### PROBLEM STATEMENT
Print every entry exactly as it appears, but skip the pictures.

(Data entries)
##########

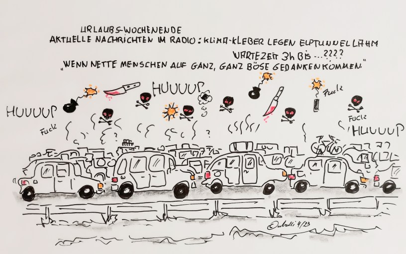 Klima-Kleber in Aktion, Autofahren sind genervt – Wenn nette Menschen auf ganz, ganz böse Gedanken kommen. Friedlich stilllegen (!) was für eine Lüge, denn in Wahrheit stiften die Aktivisten schon seit geraumer Zeit nur noch Unfrieden. Jeder konnte es in den vergangenen Wochen und Monaten sehen, tausende Autofahrer leidvoll miterleben: Die „Letzte Generation“ legt mit ihren zweifelhaften (?!) Aktionen Verkehrswege und Städte nicht einfach „friedlich still“, sie sorgt mit ihren Maßnahmen für Unmut und Zoff.
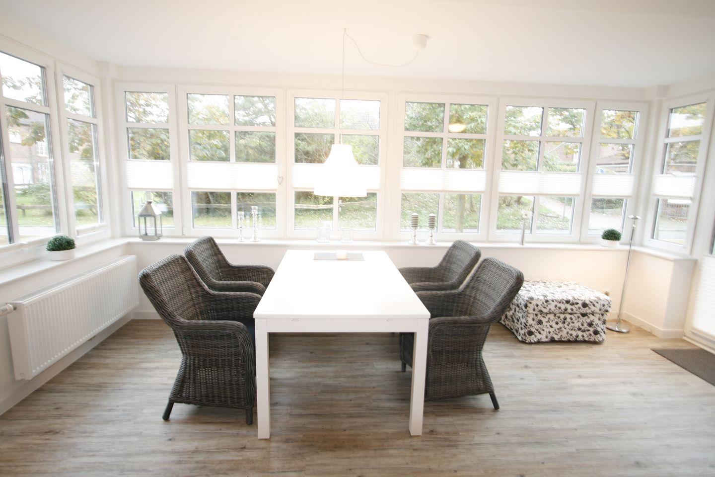 Wunderschöne, hochwertig ausgestattete Ferienwohnung, ca. 80 m², mit Terrasse mit Strandkorb und Terrassenmöbeln, Wohnzimmer und Küche. Wohnzimmer mit Essgelegenheiten, bequemer Couch und TV, komplett ausgestattete Einbauküche mit Cerankochfeld, Geschirrspülmaschine, Toaster, Kaffeemaschine, Wasserkocher. Schlafzimmer (Doppelbett) mit Verdunklungsrollos und TV, modernes Bad ensuite mit Dusche, Gästebad (WC mit Dusche), Waschmaschine im separaten Hauswirtschaftsraum, WLAN vorhanden.
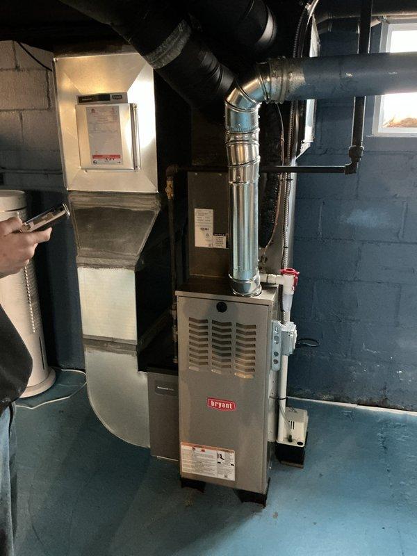 Successfully installed a Bryant gas furnace in the basement utility area, including proper connection of all ductwork components with the large silver air return duct on the left side and round metal ductwork extending from the top unit. System was mounted securely against concrete block wall with all manufacturer specifications followed to ensure optimal performance and efficiency.
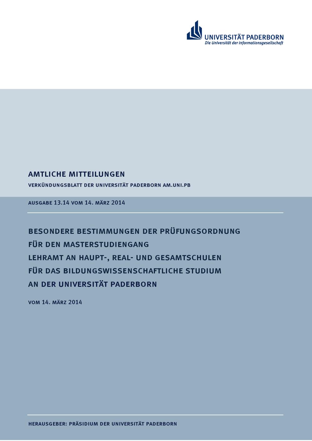 Besondere Bestimmungen der Prüfungsordnung für den Masterstudiengang Lehramt an Haupt-, Real- und Gesamtschulen für das bildungswissenschaftliche Studium an der Universität Paderborn : vom 14. März 2014
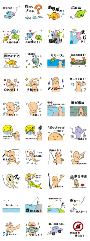 釣りを愛する皆様、釣りで使えるスタンプです。ぜひお試しください。爆釣間違いなし!(釣れなかった時の言い訳スタンプ入り)もみじ より発売
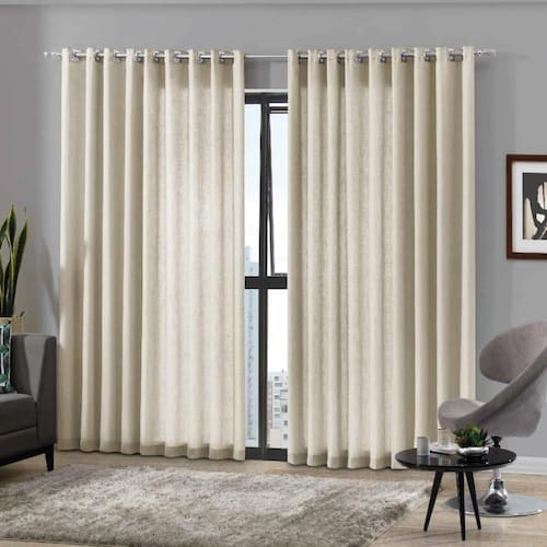 A Cortina Duplex Monaco é versátil e elegante! Confeccionada em poliéster, o modelo é composto por um voil decorativo com textura de linho e um corta luz em tecido que controla a luminosidade sem bloqueá-la totalmente, proporcionando conforto, privacidade e sofisticação para seu quarto ou sala. Conta com duas partes de 3,30m de largura e 2,50m de altura, com acabamento em bainha na lateral e na parte inferior em barra. Peça indicada para varão de 3,00m, contendo 46 ilhoses. Foto ilustrativa, não acompanha varão.
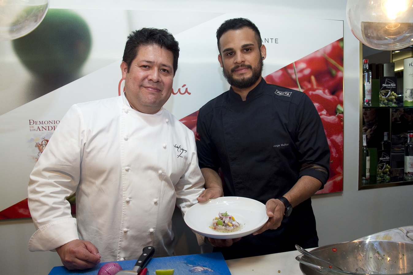 El prestigioso cocinero peruano Víctor Gutiérrez, que cuenta con una estrella Michelin, ha diseñado el menú de los restaurantes de El Corte Inglés, además de organizar distintas demostraciones de cocina y talleres sobre la gastronomía de su país. En la presentación, ha estado acompañado de Jorge Muñoz, chef del restaurante Pakta, también con estrella Michelin. Al acto, que ha tenido lugar en el restaurante de El Corte Inglés de Serrano, han asistido Javier Cerro, director de Compras de Hostelería de El Corte Inglés, Félix Arturo Chipoco, Cónsul General del Perú en Madrid, Willy Salazar, responsable de Asuntos Culturales y Turismo de la Embajada de Perú, Bernardo Muñoz, consejero Económico Comercial de la Embajada de Perú, Fernando Tomás, director de Comunicación y Promoción de Viajes El Corte Inglés, así como los dos chefs de reconocido prestigio, Víctor Gutiérrez y Jorge Muñoz, ambos con una estrella Michelin. Durante la presentación los cocineros han elaborado un cebiche con cebollitas rojas que posteriormente los asistentes al acto han podido degustar junto a la bebida peruana por excelencia, el pisco. Además, en la presentación, los asistentes han podido probar también la cerveza popular de Perú y fruta originaria del país.
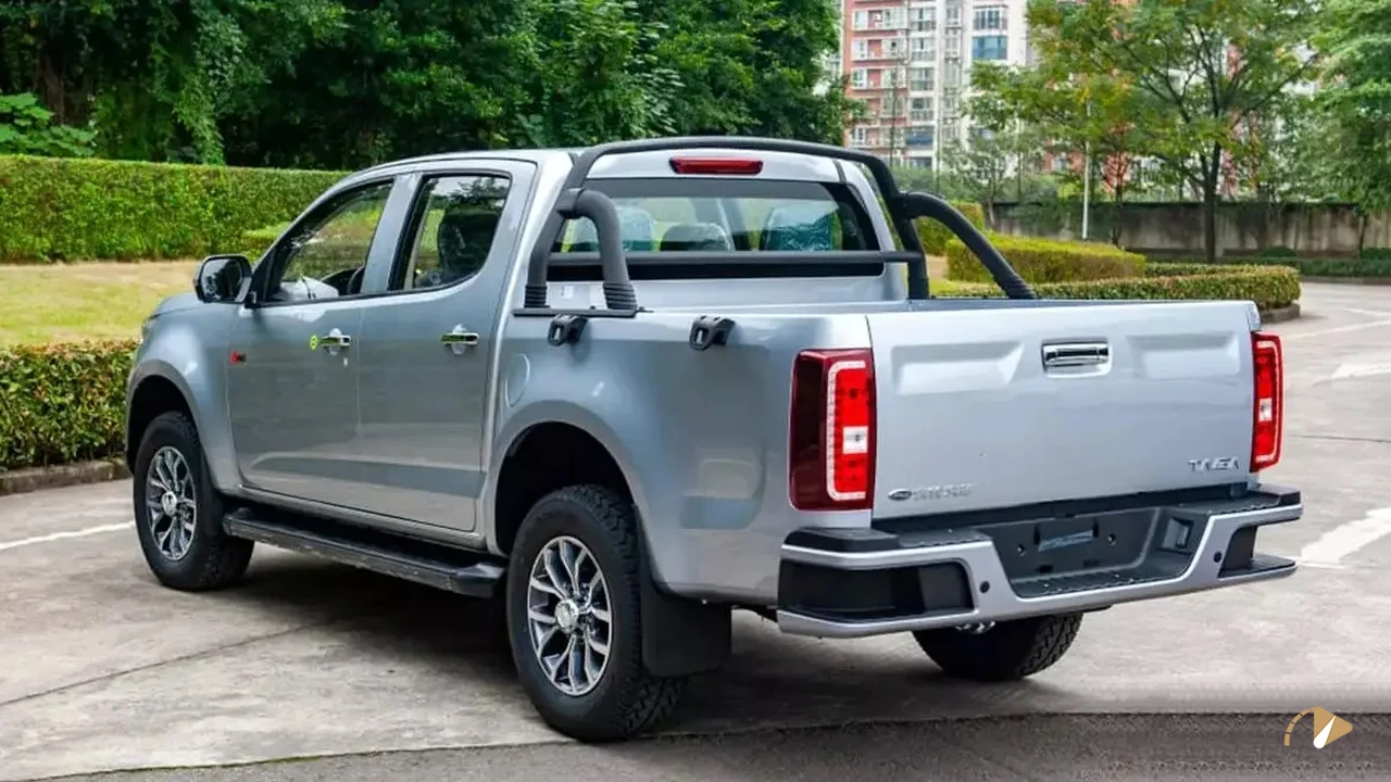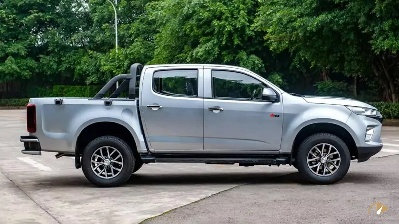 در نمای جانبی، خطوط صاف و رینگ‌های ۱۷ اینچی آلومینیومی با تایرهای ۲۴۵/۷۰، تعادل مناسبی بین سادگی و جذابیت ایجاد کرده‌اند. ارتفاع مناسب از زمین و رکاب‌های جانبی ضدلغزش، قابلیت آفرود را برجسته می‌کنند. نمای عقب نیز با چراغ‌های افقی LED و سپر یکپارچه، دسترسی آسان به فضای بار را فراهم می‌آورد. ابعاد کلی خودرو در نسخه لانگ شامل طول ۵۶۹۲ میلی‌متر، عرض ۱۸۸۵ میلی‌متر و ارتفاع ۱۸۳۰ میلی‌متر است که فاصله محوری ۳۴۰۶ میلی‌متری آن، پایداری خوبی در جاده‌های ناهموار تضمین می‌کند. بدنه مقاوم با ظرفیت باربری حدود ۸۰۰ کیلوگرم، این پیکاپ را برای مصارف کاری و تفریحی ایده‌آل می‌سازد.
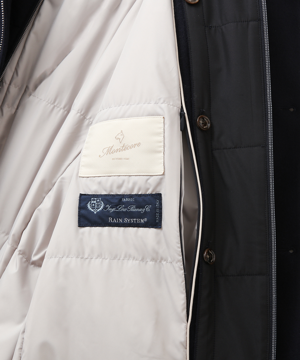 イタリアの老舗生地メーカー Loro Piana(ロロ・ピアーナ) の RAIN SYSTEM® 素材を採用。

##########

### FINISHED EXERCISE
 Klima-Kleber in Aktion, Autofahren sind genervt – Wenn nette Menschen auf ganz, ganz böse Gedanken kommen. Friedlich stilllegen (!) was für eine Lüge, denn in Wahrheit stiften die Aktivisten schon seit geraumer Zeit nur noch Unfrieden. Jeder konnte es in den vergangenen Wochen und Monaten sehen, tausende Autofahrer leidvoll miterleben: Die „Letzte Generation“ legt mit ihren zweifelhaften (?!) Aktionen Verkehrswege und Städte nicht einfach „friedlich still“, sie sorgt mit ihren Maßnahmen für Unmut und Zoff.
 Wunderschöne, hochwertig ausgestattete Ferienwohnung, ca. 80 m², mit Terrasse mit Strandkorb und Terrassenmöbeln, Wohnzimmer und Küche. Wohnzimmer mit Essgelegenheiten, bequemer Couch und TV, komplett ausgestattete Einbauküche mit Cerankochfeld, Geschirrspülmaschine, Toaster, Kaffeemaschine, Wasserkocher. Schlafzimmer (Doppelbett) mit Verdunklungsrollos und TV, modernes Bad ensuite mit Dusche, Gästebad (WC mit Dusche), Waschmaschine im separaten Hauswirtschaftsraum, WLAN vorhanden.
 Successfully installed a Bryant gas furnace in the basement utility area, including proper connection of all ductwork components with the large silver air return duct on the left side and round metal ductwork extending from the top unit. System was mounted securely against concrete block wall with all manufacturer specifications followed to ensure optimal performance and efficiency.
 Besondere Bestimmungen der Prüfungsordnung für den Masterstudiengang Lehramt an Haupt-, Real- und Gesamtschulen für das bildungswissenschaftliche Studium an der Universität Paderborn : vom 14. März 2014
 釣りを愛する皆様、釣りで使えるスタンプです。ぜひお試しください。爆釣間違いなし!(釣れなかった時の言い訳スタンプ入り)もみじ より発売
 A Cortina Duplex Monaco é versátil e elegante! Confeccionada em poliéster, o modelo é composto por um voil decorativo com textura de linho e um corta luz em tecido que controla a luminosidade sem bloqueá-la totalmente, proporcionando conforto, privacidade e sofisticação para seu quarto ou sala. Conta com duas partes de 3,30m de largura e 2,50m de altura, com acabamento em bainha na lateral e na parte inferior em barra. Peça indicada para varão de 3,00m, contendo 46 ilhoses. Foto ilustrativa, não acompanha varão.
 El prestigioso cocinero peruano Víctor Gutiérrez, que cuenta con una estrella Michelin, ha diseñado el menú de los restaurantes de El Corte Inglés, además de organizar distintas demostraciones de cocina y talleres sobre la gastronomía de su país. En la presentación, ha estado acompañado de Jorge Muñoz, chef del restaurante Pakta, también con estrella Michelin. Al acto, que ha tenido lugar en el restaurante de El Corte Inglés de Serrano, han asistido Javier Cerro, director de Compras de Hostelería de El Corte Inglés, Félix Arturo Chipoco, Cónsul General del Perú en Madrid, Willy Salazar, responsable de Asuntos Culturales y Turismo de la Embajada de Perú, Bernardo Muñoz, consejero Económico Comercial de la Embajada de Perú, Fernando Tomás, director de Comunicación y Promoción de Viajes El Corte Inglés, así como los dos chefs de reconocido prestigio, Víctor Gutiérrez y Jorge Muñoz, ambos con una estrella Michelin. Durante la presentación los cocineros han elaborado un cebiche con cebollitas rojas que posteriormente los asistentes al acto han podido degustar junto a la bebida peruana por excelencia, el pisco. Además, en la presentación, los asistentes han podido probar también la cerveza popular de Perú y fruta originaria del país.
 در نمای جانبی، خطوط صاف و رینگ‌های ۱۷ اینچی آلومینیومی با تایرهای ۲۴۵/۷۰، تعادل مناسبی بین سادگی و جذابیت ایجاد کرده‌اند. ارتفاع مناسب از زمین و رکاب‌های جانبی ضدلغزش، قابلیت آفرود را برجسته می‌کنند. نمای عقب نیز با چراغ‌های افقی LED و سپر یکپارچه، دسترسی آسان به فضای بار را فراهم می‌آورد. ابعاد کلی خودرو در نسخه لانگ شامل طول ۵۶۹۲ میلی‌متر، عرض ۱۸۸۵ میلی‌متر و ارتفاع ۱۸۳۰ میلی‌متر است که فاصله محوری ۳۴۰۶ میلی‌متری آن، پایداری خوبی در جاده‌های ناهموار تضمین می‌کند. بدنه مقاوم با ظرفیت باربری حدود ۸۰۰ کیلوگرم، این پیکاپ را برای مصارف کاری و تفریحی ایده‌آل می‌سازد.
 イタリアの老舗生地メーカー Loro Piana(ロロ・ピアーナ) の RAIN SYSTEM® 素材を採用。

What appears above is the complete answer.